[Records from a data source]

________________________________________

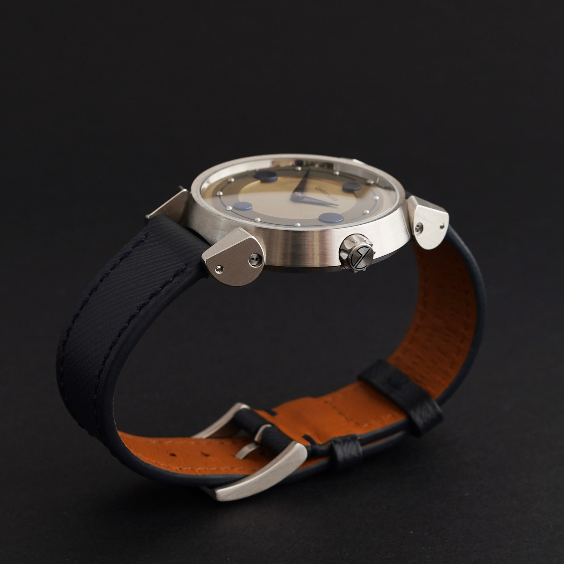 I have limited myself to 20 pieces for this one, all made to order. I offer some customization options at the level of steel studs and roundels on the dial to be finished in a different colour, done by heating them over a flame. This allows me to obtain some rather beautiful combinations. Currently, half the series is booked which I am really happy about! Right now I am in the phase of producing these watches to deliver them to the client as soon as I can. Right now I don’t know exactly which one is done first, but I am working hard on this.
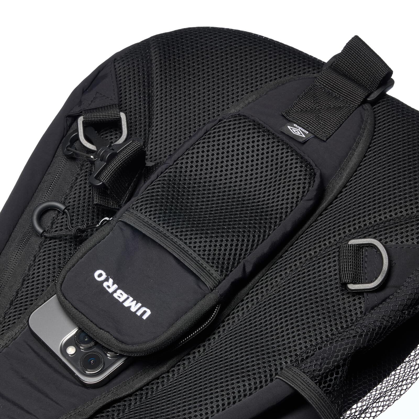【収納】外側ファスナーポケット×2 背面ファスナーポケット×1 メッシュポケット(ボトルホルダー)×1 ショルダー部メッシュポケット×1 ショルダー部ファスナーポケット×1 内部クッション付きオープンポケット×1
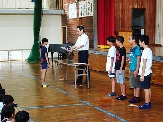 校長先生や生徒指導の先生のお話の後、愛鳥週間の習字「金賞」や水泳大会「入賞」等の表彰を行い、日南ラビッツバレーボールクラブ主将から「全国大会準優勝」の報告もあり、明るい話題でいっぱいでした。
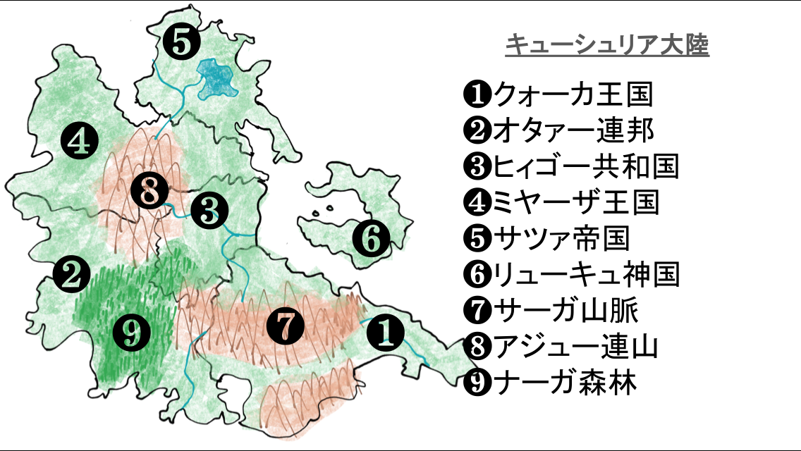 下のイラストは作者直筆の異世界の旅路の舞台の大陸の地図です!
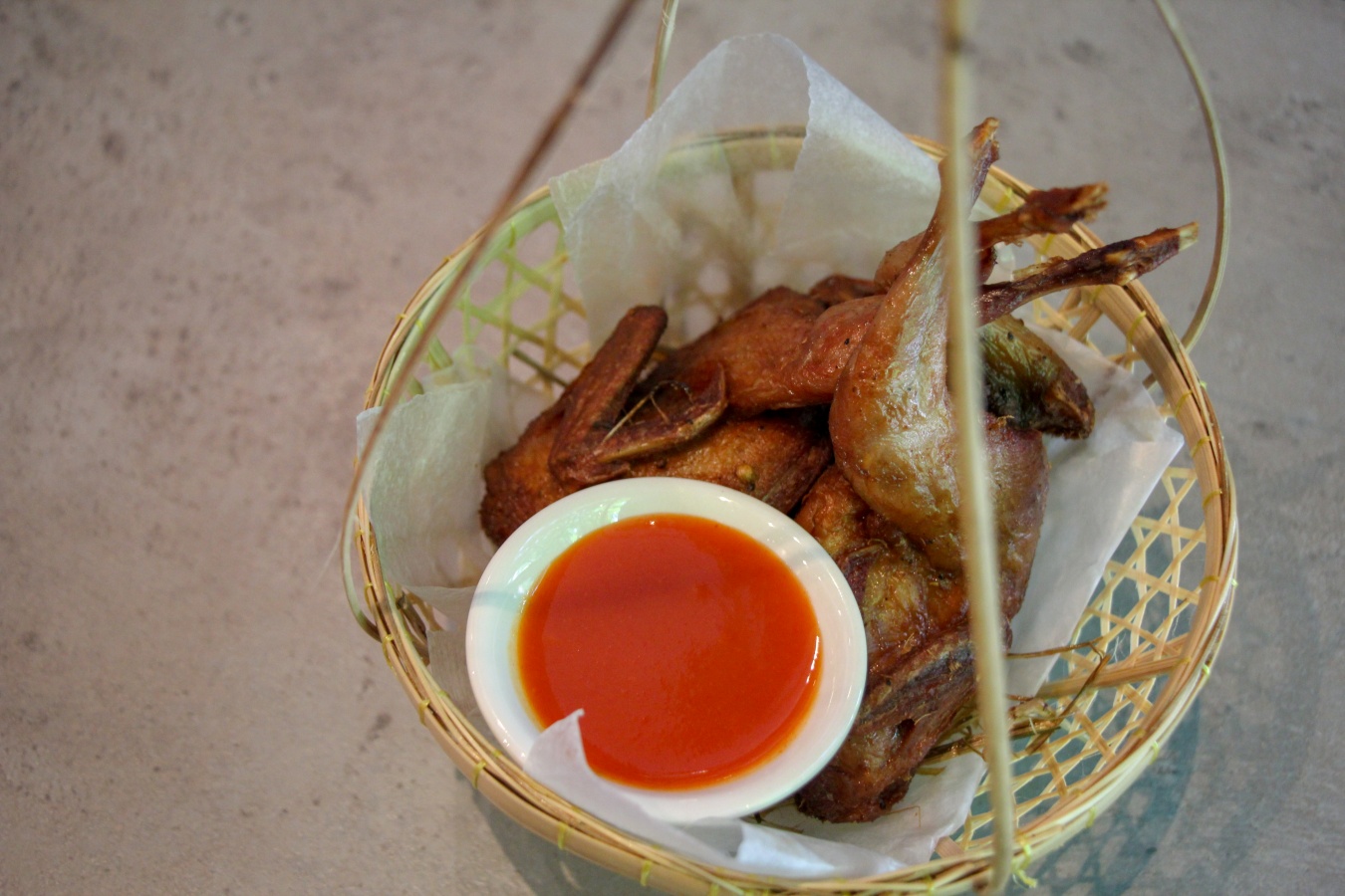 Ongsangkoon is especially fond of the Nam Khao, a lettuce wrap of chicken and crispy rice, and the deep-fried quail, which—apart from its popular eggs—is a rare find in Thailand and Laos. The chef’s favorite is the LIT Signature Salad, her take on a more traditional papaya salad for “a new generation.” She adds bean sprouts, green beans, pork loaf, and crispy rinds to the fermented fruit base for bold taste.
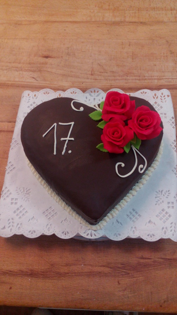 Piškot si prokrojíme, potřeme marmeládou, navrstvíme krém a necháme ztuhnout. Povrch dokonale uhladíme a polijeme čokoládovou polevou. Zdobíme růžičkami.
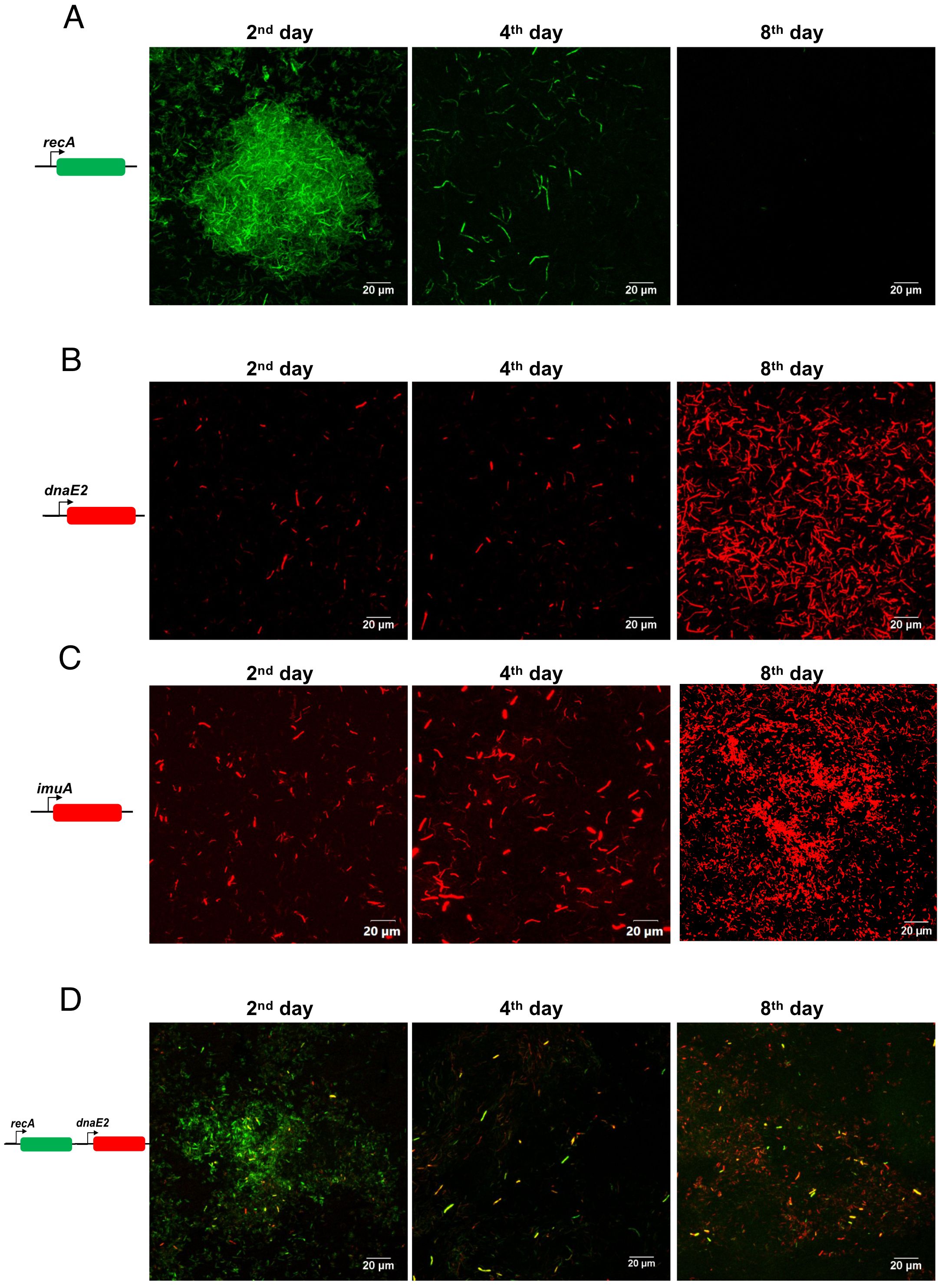 Figure 2. Expression analysis of recA, dnaE2, and ImuA’ in the biofilm. (A) M. smegmatis harboring pMV262 PrecA~mClover was seeded for biofilm formation with a sterile glass coverslip in a 24-well plate and incubated for 8 days. After incubation, the medium was removed, and the biofilm layer on the coverslip was imaged. Fluorescent images were acquired at defined time points, and a representative image from triplicate experiments is shown. (B) M. smegmatis with pMV262 PdnaE2~mCherry was seeded for biofilm formation as described above, and fluorescent images were acquired at defined time points. Representative images from triplicates are shown. (C) M. smegmatis with pMV262 PImuA’~mCherry was seeded for biofilm formation for 8 days, and fluorescent images were acquired at defined time points. A representative image from triplicates is shown. (D) M. smegmatis harboring the dual reporter pMV262 PrecA~mClover and PdnaE2~mCherry was seeded for biofilm formation and incubated for 8 days. Fluorescent images corresponding to the expression of PrecA (green) and PdnaE2 (red) were acquired at defined time intervals, and merged images are presented.

________________________________________

Activity: Above are the records. Copy only the lines from the one with "Ongsangkoon is especially" through the one with "Piškot si prokrojíme, potřeme", exactly, with no pictures.

Task response:
 Ongsangkoon is especially fond of the Nam Khao, a lettuce wrap of chicken and crispy rice, and the deep-fried quail, which—apart from its popular eggs—is a rare find in Thailand and Laos. The chef’s favorite is the LIT Signature Salad, her take on a more traditional papaya salad for “a new generation.” She adds bean sprouts, green beans, pork loaf, and crispy rinds to the fermented fruit base for bold taste.
 Piškot si prokrojíme, potřeme marmeládou, navrstvíme krém a necháme ztuhnout. Povrch dokonale uhladíme a polijeme čokoládovou polevou. Zdobíme růžičkami.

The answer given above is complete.